Yesterday was a hard day for me. I'm trying really hard to make healthy my nature instead of something I have to work ridiculously hard for, but I'm not there yet. Sometimes the difficulty wears me out, and I get really emotional about the whole thing. Here are a few confessions:
The last thing I want to do at 6:40 am when it's still dark and everyone else is still sleeping is get out of my nice warm bed and drive to the gym. It's been 2 months. It's not getting any easier. I still haven't missed a single day, but sometimes I really resent it. Nobody who sees me there would ever guess that about me though, because they are all really sweet, and I wouldn't want to bother them with my bad attitude. So I fake it. And maybe I'll always be faking it, but maybe someday I might be genuinely happy to be working out at 7 am. Haha.

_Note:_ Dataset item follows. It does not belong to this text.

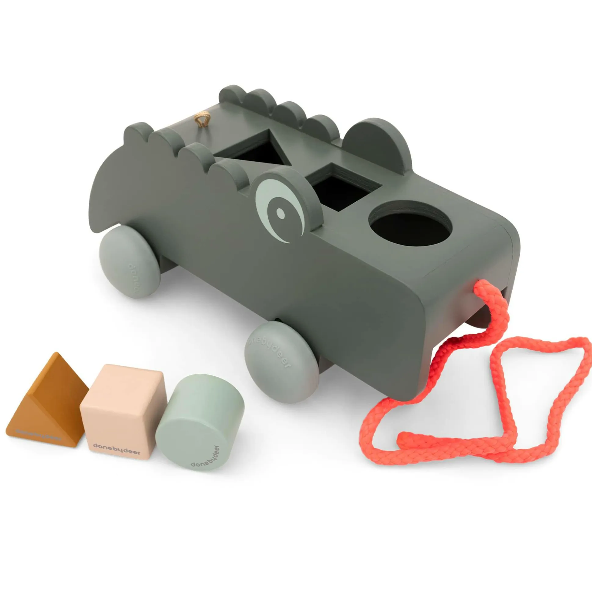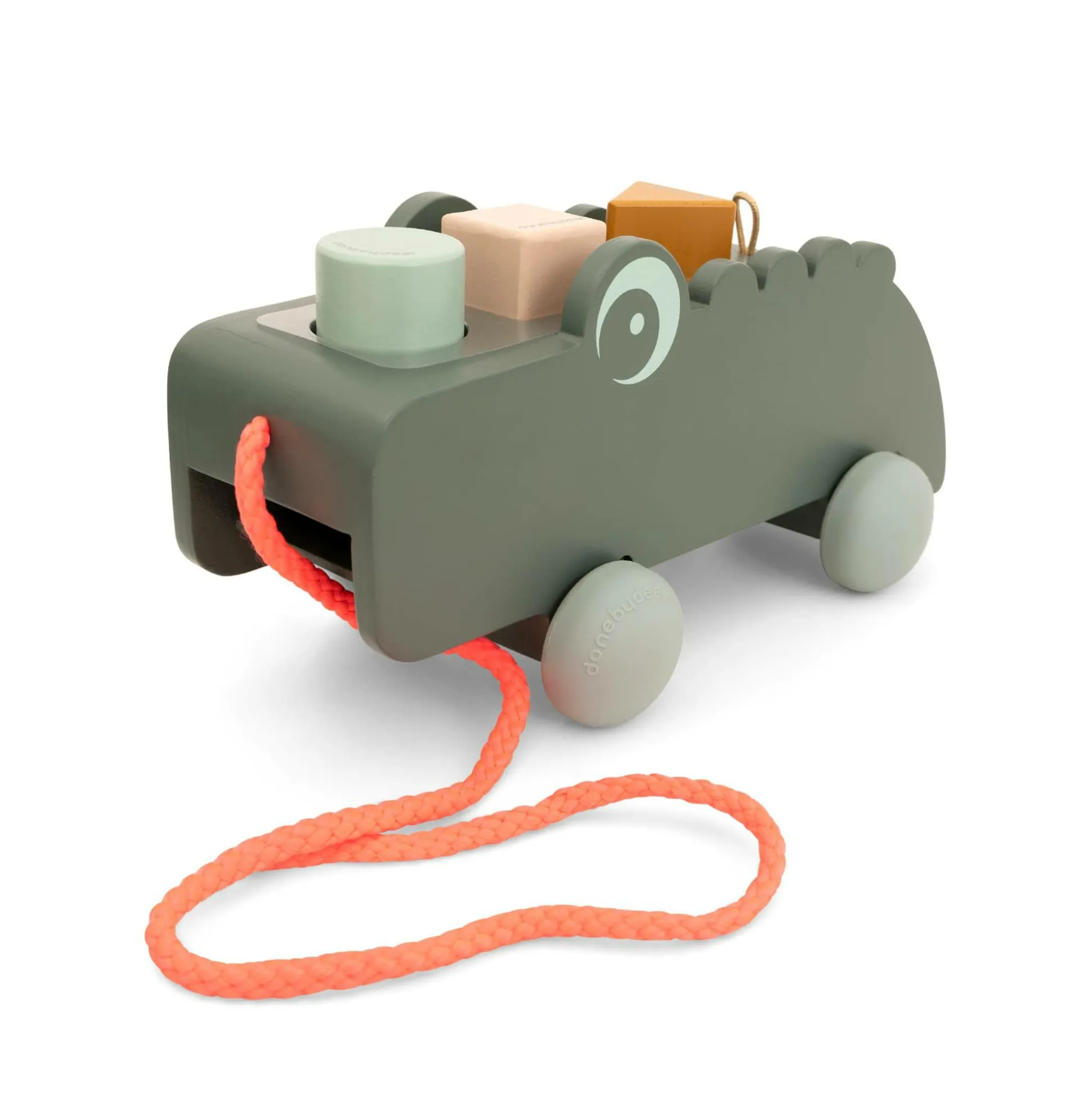 Das Nachziehtier Croco ist ein weiches, liebenswertes Krokodil auf einem Wagen, der sich dank seiner Form und seines geringen Eigengewichts optimal für kleine Kinderhände zum Festhalten und Schmusen eignet. Die Magnetfüße von Croco sind an Magneten befestigt, die im Wagen versteckt sind, und können leicht abgenommen werden, wenn es zum Schlafengehen benötigt wird. Croco das Nachziehtier wurde entwickelt, um die motorischen Fähigkeiten von Kindern auf spielerische Weise zu entwickeln und zu stärken.

My 18 month old hates chicken. I can't really blame her either, because I'm starting to get sick of it myself.
Cooking healthy food takes more time than I can give some days. I don't want to cook lunch. I want to eat a peanut butter and strawberry jam sandwich on two pieces of real bread with a nice glass of milk and some fruit. Or share mac n cheese with my daughter. I don't want to cook breakfast either. I want to eat a bowl of cereal and call it good. My dad came home from a month long business trip once and said he never wanted to see scrambled eggs again. I'm starting to feel that way too. And you know, when I know that my daughter isn't going to eat the healthy dinner I cooked, I'm much less happy to cook it. I love to cook. But lately I've been so stressed out about what to eat that the joy is completely sucked out of the cooking/eating experience. It's just another chore I have to do every day.
I will never not want fries and a shake. When my husband brings them home with his dinner, and I eat my burger with half a bun, I get more mad than I should. He doesn't even really like fries all that much.
There is no food in my house. I say that way more often than I want to. I hate going to the grocery store, and I hate that I can spend so much and have to go back a week later.
Ok, I think that's enough confessing for now. Just for the record, the scale read 206 again this morning. I didn't really gain a pound last week, it's just that I don't go to the gym over the weekend, so my Monday weigh in is almost always a disappointment, and I need to get over it. Or start my weeks on Tuesdays.